Godinton House (also known as Godinton House and Gardens or Godinton Park) is a stately home in the parish of Great Chart, owned by a non-profit-making trust. It is  north-west of the centreof the town of Ashford, Kent, UK.

Description 
Godinton House is an ancient brick house with a Jacobean-style exterior. The roof has a distinctive system of Dutch gables (also called semi-classical gables). The Jacobean house was built around a medieval great hall. Of particular note is the elaborate carvings in chestnut wood on the main staircase.
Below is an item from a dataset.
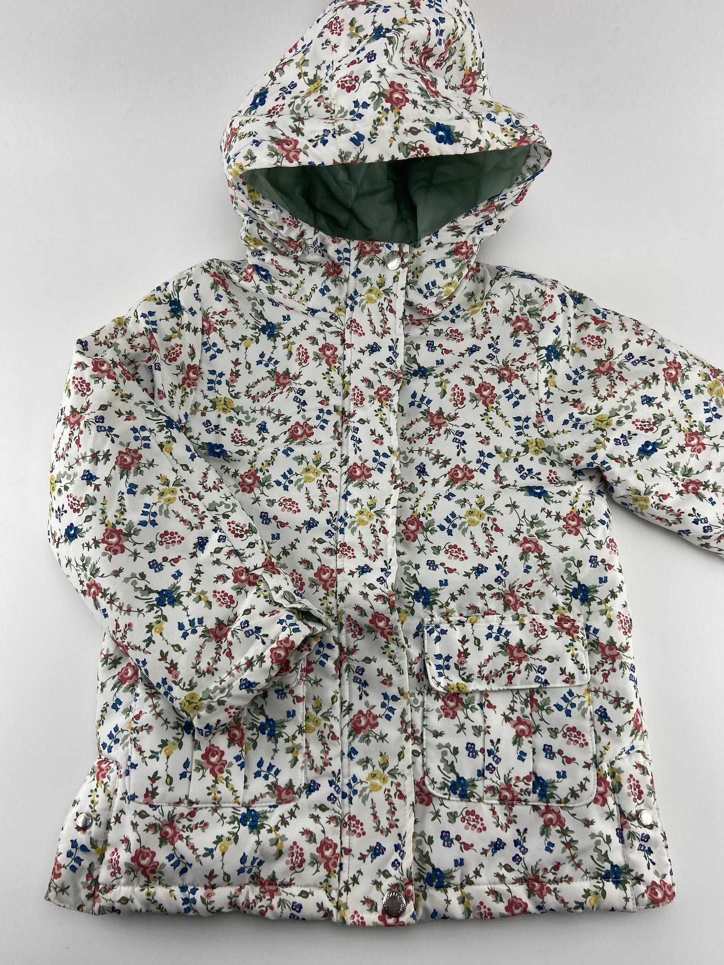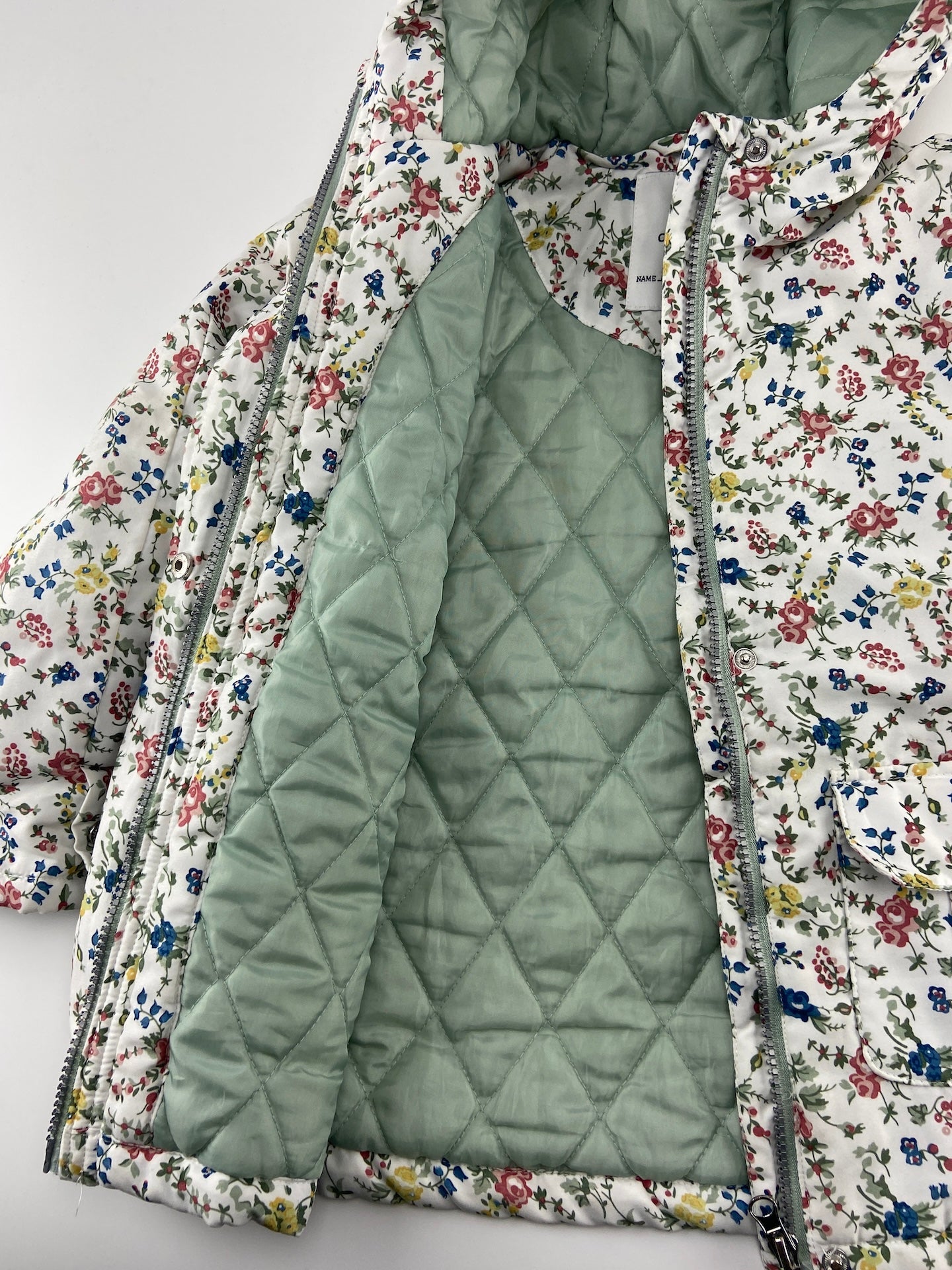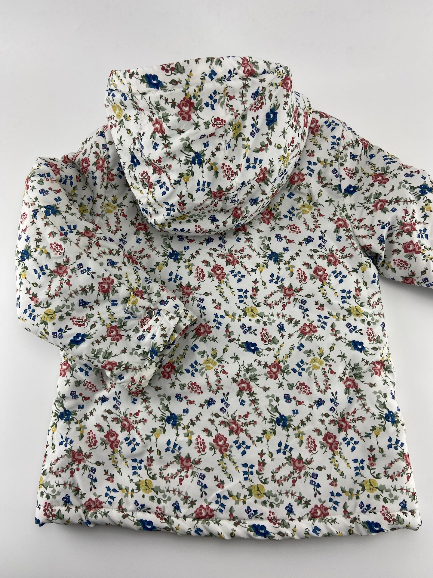 Blusão com capuz, com fecho eclair e botões de mola. Padrão florido.

The gardens include one of the longest Yew hedges in England, as well as having spectacular displays of delphiniums, irises, wild flowers and roses.

The house also has a Steinway piano.

It hosts one of the best private collections of porcelain in the South of England.

History 
Godinton House was the seat of the Toke family for about 455 years from 1440 to 1895.

Around the turn of the century (19th/20th) then owner Mr. Ashley Dodd hired the architect Sir Reginald Blomfield to update the house and redesign the gardens. Blomfield planted the famous yew hedge, shaped to repeat the gable form seen on the house.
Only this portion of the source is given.